As restrições, embora temporárias, contribuem para a resistência às casas de repouso para idosos, já que para muitos representam um lugar de exclusão social, dominação e isolamento. Segundo Luiza, muitos conheciam o ambiente como asilo, o que remete à ideia de deixar o idoso abandonado e mal tratado. Com o passar dos anos, percebeu-se a necessidade do local para algumas famílias. A legislação tornou-se mais sólida, de modo a garantir um bom serviço das instituições. Há um esforço para desmistificar o tabu.

— Quando as famílias chegam aqui no serviço social, tem gente que chora, que diz que não queria, mas é necessário. A gente sempre tenta dizer para a família ‘olha, só você sabe o que passa, a gente compreende’. Às vezes é uma família que tem dificuldade de relacionamento com esse idoso, ou é uma filha única que não consegue dar esse cuidado porque precisa trabalhar. Tentamos desmistificar, apresentando a equipe, conversando com a assistente social, com a psicóloga, e a gente fala ‘realmente lá atrás era visto dessa forma, hoje não mais’. Cada um no seu tempo, ouvindo todas as partes.

Luiza afirma que o melhor lugar para o idoso sempre é a sua casa, mas muitas vezes não há outra alternativa.
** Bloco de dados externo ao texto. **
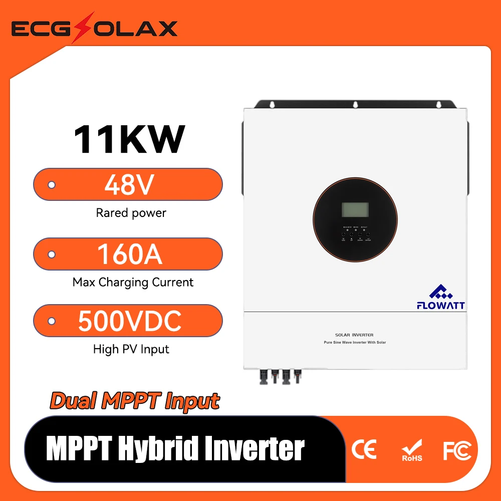 ECGSOLAX 11KW Solar Hybrid Inverter 230Vac 48V With Dual Input MPPT 160A Charging Controller 11000W Hybrid Solar Inverter BMS
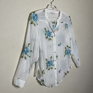 Fig & Flower White Sheer Gauze Button Up Blouse Floral Embroidery Boho Sz PL
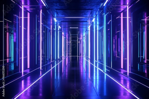 Fototapeta premium A stock illustration of a futuristic corridor with purple and blue neon lights in an abstract background
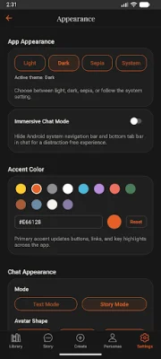 For users looking to build rich world context, ChatticaAI offers Lorebooks. These linked lorebooks automatically inject matching entries into prompts, keeping characters consistent and worlds alive. The app also offers multiple theme options for customization.

Nem os lúcidos escapam, tanto que eventualmente parte deles mesmos se deslocar para uma instituição. Segundo a profissional, há idosos que acham o local vantajoso por a comida já estar pronta, ter atividades disponíveis, roupa lavada, etc. O importante é, independente do caso, ter contato frequente com eles e com a família para fornecer o que for preciso. Mais do que isso: é essencial que a família visite os residentes.

— O vínculo com a família que dá suporte emocional para o idoso. Se não pode vir faz uma ligação de vídeo, uma ligação telefônica, mas de preferência sempre estando perto desse idoso. A pandemia foi cruel nesse sentido. Hoje a gente está conseguindo fazer as visitas de segunda a segunda, mas dentro de uma norma que o Ministério Público passou.

Em meio ao fantasma do abandono familiar, uma coisa é certa: daqui a algumas décadas, a demanda por locais especializados em idosos deve aumentar. Isso significa redução da força produtiva e elevação dos custos assistenciais. Para Luiza, o governo deveria atentar para esta questão, enquanto as pessoas se preparam para o envelhecimento com antecedência.

— O livro ‘Pra vida toda valer a pena viver’, da Dra. Ana Claudia Quintana, te orienta a envelhecer saudavelmente. A autora diz que a certeza é que a gente vai morrer em algum momento, só não sabemos quando. Nessa correria de ter que trabalhar, ter isso e aquilo, você esquece de viver de fato, trabalha para possuir coisas. Por que a gente não consegue viver o agora de qualidade?

*Os nomes desta matéria são fictícios, para preservar a identidade dos entrevistados e da instituição.